皇后让宫人们端上这个月的新茶,品了新茶后,太子才款款而来。

“儿臣才处理完公务,母后勿怪。”楚子揭作了礼,与方才郢王来时的随意成了衬比。

太子幼时便文才过人,在座有好诗文的贵女读过太子的文章。太子自幼被严格培育,一言一行皆是无可挑剔,循秩知礼,尽显士族风度。

“坐下吧,大家皆在等你。”皇后留给太子的位置别有深意,那个位置,可以将所有贵女一览无遗。

楚子揭只看了一眼,便看见了淮乐所在的位置。

今日茶宴意图,想必淮乐定是猜测到了,她会不会误会?故而坐的这么远,远得他几近要看不见她小小的身子了。

几日前,皇帝谈及儿子们的婚事。

楚子揭明确表示过自己有了中意之人,没想到父皇还是让母后设了茶宴,邀来了一众上京贵女。

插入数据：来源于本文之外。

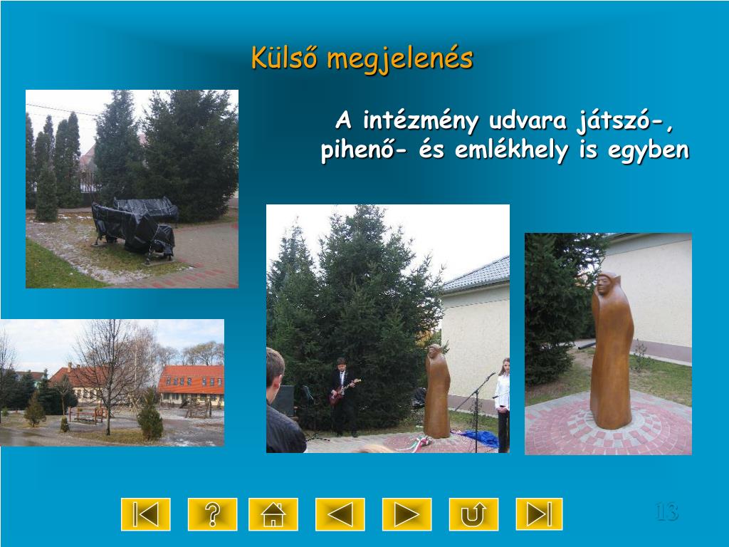 Külső megjelenés Az intézmény udvara parkosított Az udvari játékok biztonságosak, az előírásoknak megfelelőek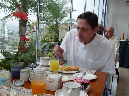 Today, Davison and I started with a quick breakfast up on the 11th floor of the hotel overlooking the Miraflores neighborhood of Southeast Lima. The hotel serves a beautiful breakfast buffet from an incredible vantage point above the South Pacific Coast!

楚子揭与皇后说过不必举办,皇后却道他应该多挑选几个女娘,好为皇室开枝散叶。

然十五岁前,皇后多番提醒儿子不能痴迷女色,楚子揭本就对女子提不起多大兴趣,觉得母后过于担忧。虽楚子揭与皇后暗示过多次自己不会贪恋美色,但皇后还是不放心,甚至当初还旁敲侧击了崔司空,让其幺女少入宫。

那时崔二娘与淮乐来往甚多,淮乐性子有些怯,极少有说得来的人,楚子揭有时会有意无意地向崔二娘打听淮乐的事。

那时淮乐已有十二三,对他这个皇兄有了不能说的秘密,大多与身边的女娘说,楚子揭是担心她有不开心的事情憋着,更怕她被哪家的郎君蒙骗了。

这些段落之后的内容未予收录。